Unschön, aber es klappt und wir erreichen Mitzpe Ramon ohne weitere Schwierigkeiten. Hier gibt es einen tollen Gemüse- und Früchtemarkt und auch einen wirklich Supermarkt in dem wir Lebensmitel einkaufen können. Sehr zufrieden mit uns erfragen wir noch neues Flickzeug und bekommen dies in einem sehr kleinen Bedarfshandel für alles Mögliche.
Dann ist es soweit, wir fahren den letzten Kilometer bis zum Krater und können dort angekommen die Sicht genießen. Ein kurzer Jubelschrei entfährt uns, wir sind überglücklich hier zu sein. Zusätzlich treffen wir einen Vater mit seinem Sohn, die gemeinsam am Rande des Gefälles sitzen und Gitarre spielen. Ein schönes Bild!

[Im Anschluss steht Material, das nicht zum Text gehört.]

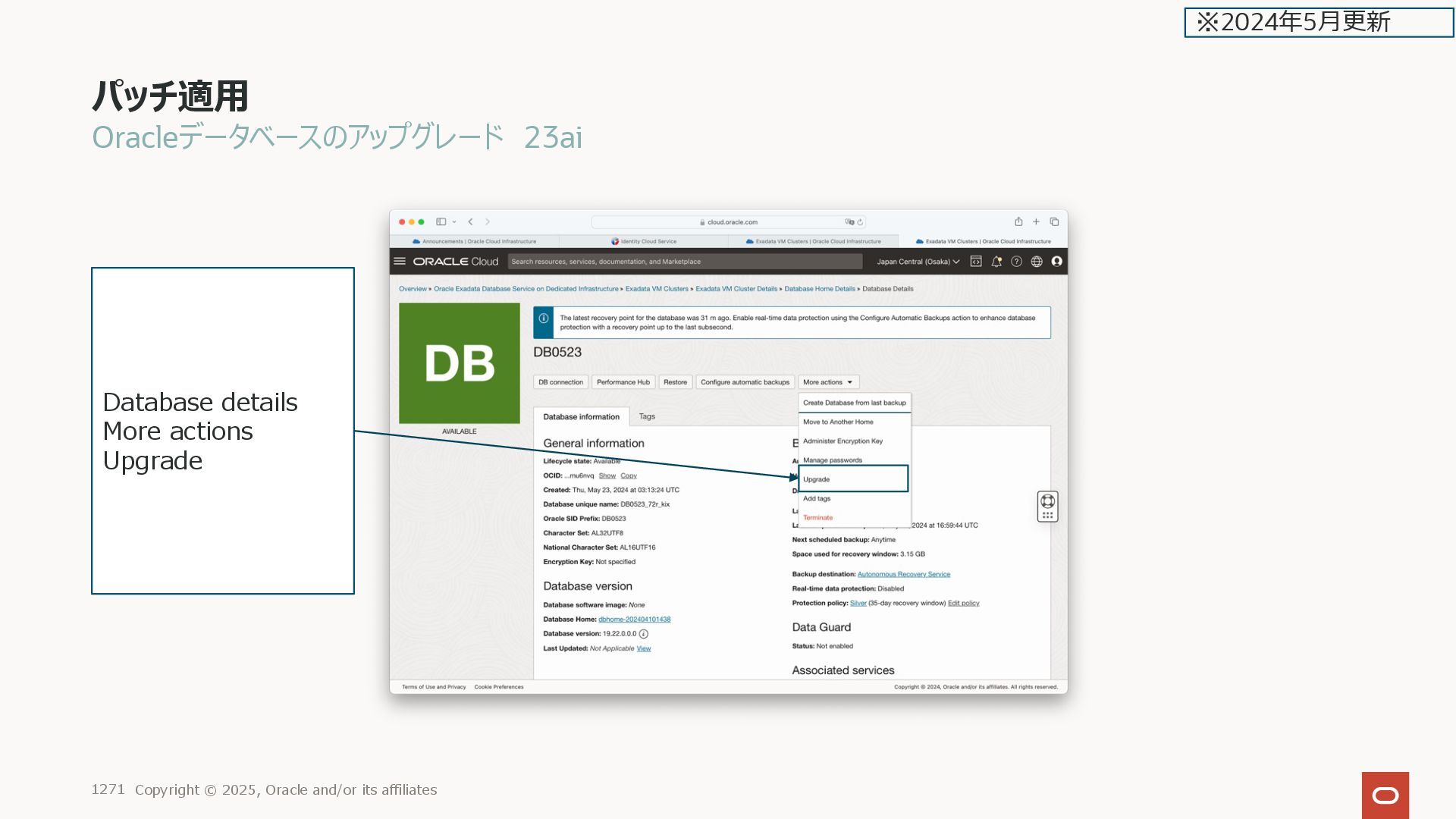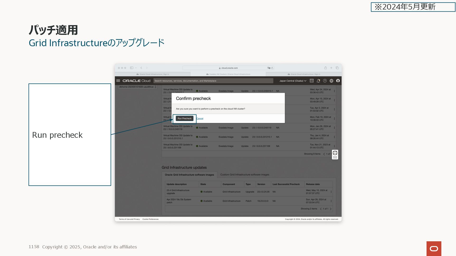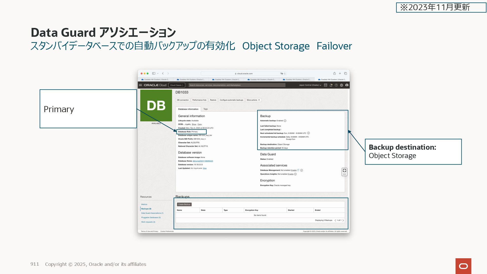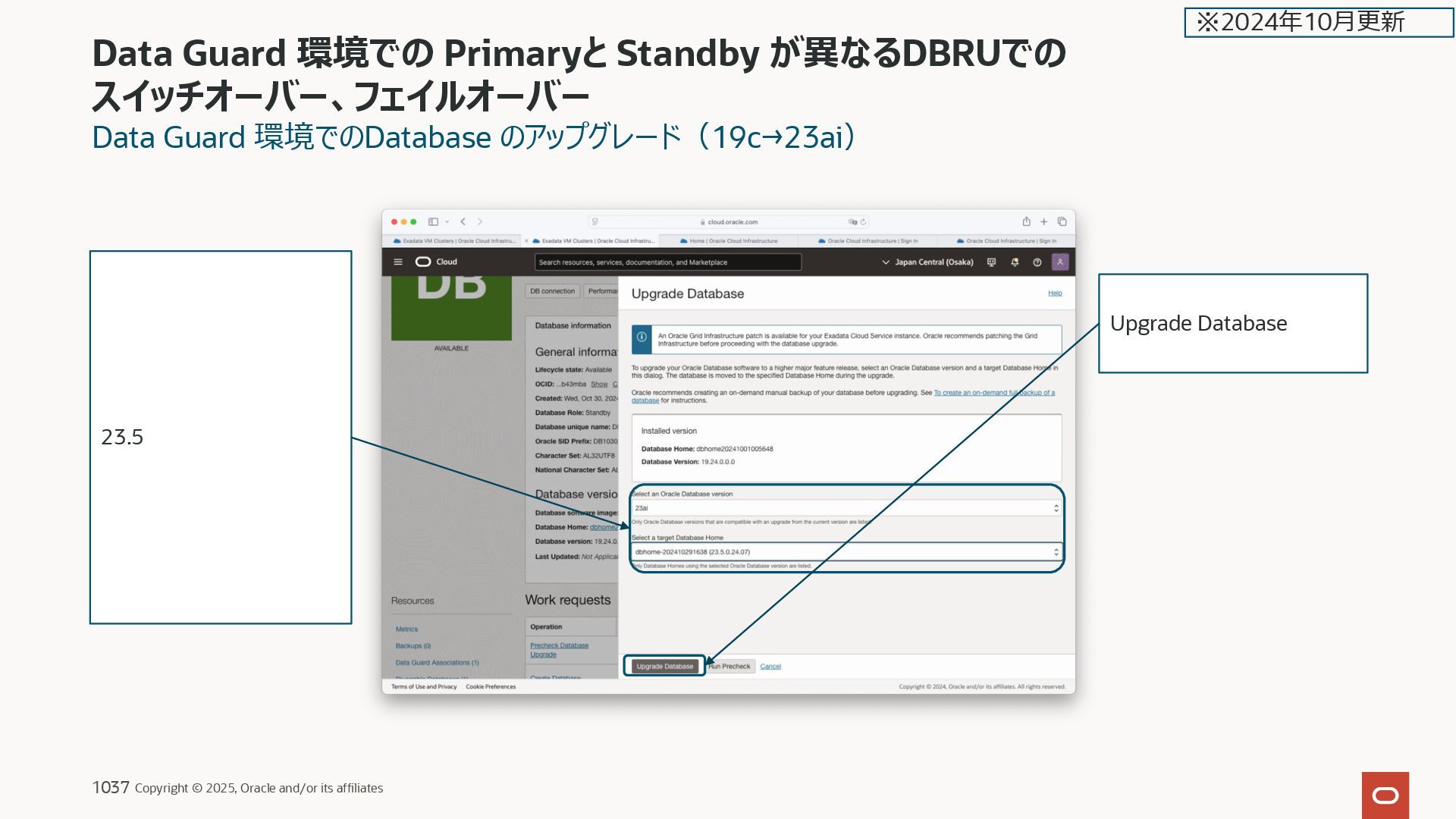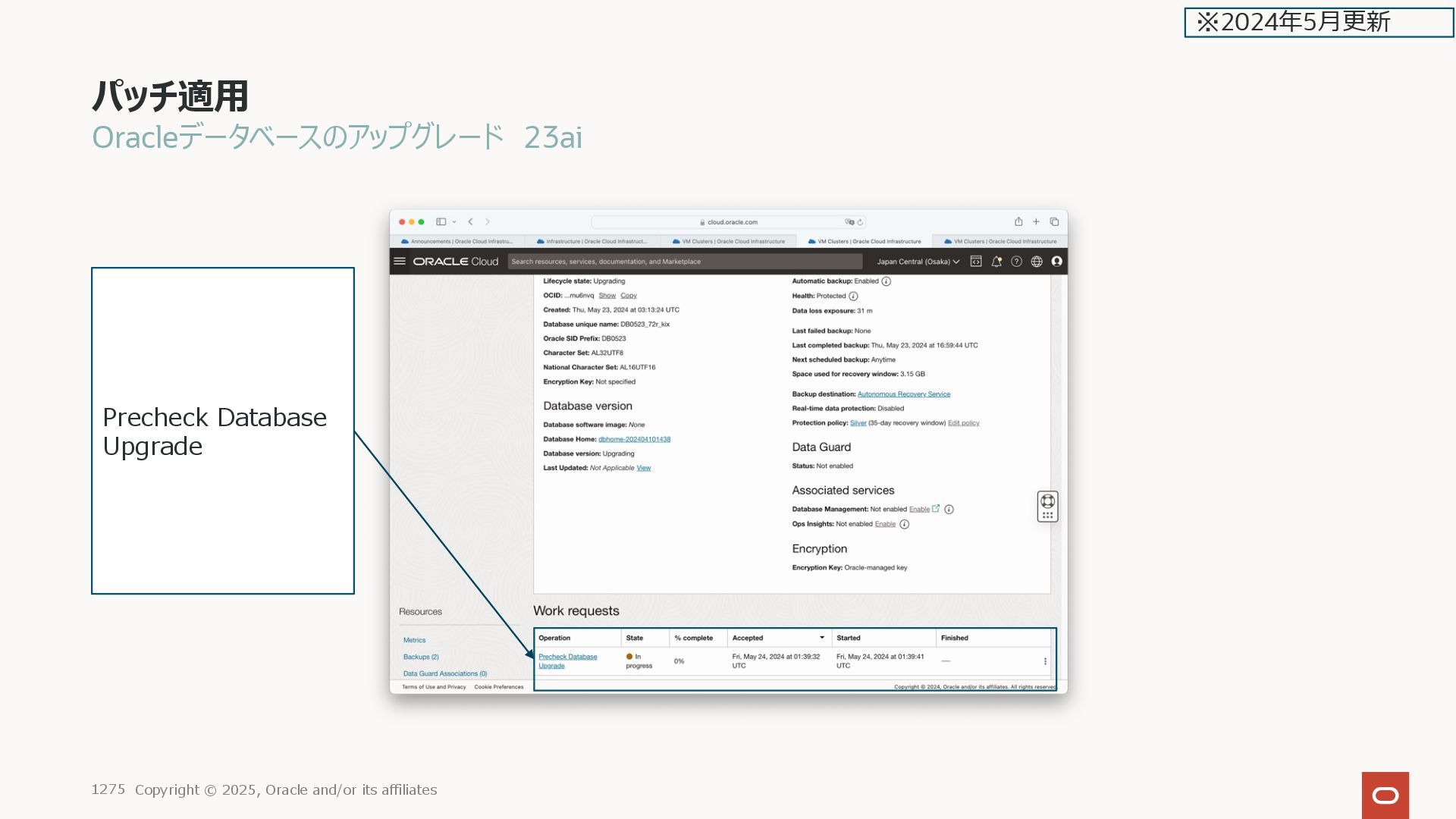 2025-04-03T01:31:51.131744+00:00 SQL> ALTER DISKGROUP DATAC2 DROP DISK 'DATAC2_CD_00_kix101117exdcl10', 'DATAC2_CD_01_kix101117exdcl10', 'DATAC2_CD_02_kix101117exdcl10', 'DATAC2_CD_03_kix101117exdcl10', 'DATAC2_CD_04_kix101117exdcl10', 'DATAC2_CD_05_kix101117exdcl10', 'DATAC2_CD_06_kix101117exdcl10', 'DATAC2_CD_07_kix101117exdcl10', 'DATAC2_CD_08_kix101117exdcl10', 'DATAC2_CD_09_kix101117exdcl10', 'DATAC2_CD_10_kix101117exdcl10', 'DATAC2_CD_11_kix101117exdcl10' REBALANCE POWER 4 略 SUCCESS: ALTER DISKGROUP RECOC2 DROP DISK 'RECOC2_CD_00_kix101117exdcl10', 'RECOC2_CD_01_kix101117exdcl10', 'RECOC2_CD_02_kix101117exdcl10', 'RECOC2_CD_03_kix101117exdcl10', 'RECOC2_CD_04_kix101117exdcl10', 'RECOC2_CD_05_kix101117exdcl10', 'RECOC2_CD_06_kix101117exdcl10', 'RECOC2_CD_07_kix101117exdcl10', 'RECOC2_CD_08_kix101117exdcl10', 'RECOC2_CD_09_kix101117exdcl10', 'RECOC2_CD_10_kix101117exdcl10', 'RECOC2_CD_11_kix101117exdcl10' REBALANCE POWER 4 NOTE: Attempting voting file refresh on diskgroup RECOC2 NOTE: Refresh completed on diskgroup RECOC2. No voting file found. 2025-04-03T01:32:19.466977+00:00 Exadata Infrastructure Copyright © 2025, Oracle and/or its affiliates 132 ※2025年4⽉更新

Die Mittagspause wollen wir im Krater in der Ebene bei einem Wasserloch verbringen und stürzen uns daher in die lange und kurvige Abfahrt. Viel zu schnell sind wir unten und dann sind wir auch direkt am Wasserloch. Schatten gibt es hier nicht und so bauen wir das Außenzelt mit dem Footprint auf und haben so eine Art Tarp gespannt. Trotzdem knallt die Sonne herunter, sodass wir uns unter unserer Kuppel ein wenig wie ein Backofengericht fühlen.
Außerdem sind einige Fliegen vor Ort, welche das Entspannen schwerer machen als gedacht.
Zur Abkühlung geht es daher immer mal wieder in das türkisfarbige und etwas schlammige Wasser, allerdings ist es hier wunderbar und auch überraschend kühl. Neben uns sind noch viele andere Familien und Touristen und so ist man auch nicht alleine. Zudem können wir Shimon, den netten Israeli der uns seine Adresse gab, erreichen und dürfen morgen bei ihm zu Gast in seinem Kibbutz Lotan sein.
Richtig toll gelaufen!!!
Gegen 17:00 Uhr können wir dann endlich wieder aufbrechen, packen unser Zeug zusammen und wollen den Abend entspannt ausradeln.
Falsch gedacht! Keine zwanzig Minuten nachdem wir losgefahren sind hält ein weiterer netter Israeli mit dem Auto an und fragt ob wir noch Wasser brauchen.
Wir nehmen es gerne an und er erzählt uns, dass er unterwegs zu einem Hippie-Festival im Shittim Ashram ist, welches nur einmal jährlich stattfindet.Dort gäbe es auch einen Campingplatz. Er fragt ob wir auch kommen wollen, wir verneinen jedoch zuerst, da die Strecke bis dahin noch 56 Kilometer beträgt. Zudem wollten wir dort erst morgen zur Mittagspause sein.
Doch der Gedanke lässt uns nicht mehr los, die Strecke lässt es zu und so geben wir richtig Gas, um schnellstmöglich dort zu sein. Der Sonnenuntergang ist wie immer ein Highlight, dann fahren wir durch das Zwielicht und schließlich in voller Dunkelheit mit fantastischem Sternenhimmel. Gegen 21 Uhr erreichen wir schließlich das Gelände des Ashrams. Zuerst will man uns mit den Rädern nicht durchlassen, nach einigem Erklären klappt es jedoch und wir beschließen zuerst das Zelt aufzubauen bevor wir zu den Ticketständen gehen. Eine gute Entscheidung!
Die Tickets sollen 40 Euro pro Person kosten und das Festival endet morgen. Eigentlich ein fairer Preis für ein Festival von drei Tagen Länge, für uns macht es jedoch gar keinen Sinn, denn auch das Essen im Festivalinnenraum müsste gekauft werden.
So gehen wir etwas zerknirscht zurück zu unserem Zelt, immerhin haben wir uns erfolgreich auf den Zeltplatz geschlichen. So verzehren wir ein sehr karges Mahl, Brot mit einem Rest grüner Tapenade und legen uns ins Bett. Lange fällt es uns schwer einzuschlafen, da das Festival sehr laut ist, mit den Oropax bzw. ein wenig Hörspiel im Ohr gelang es uns aber dann doch ins Land der Träume einzutreten.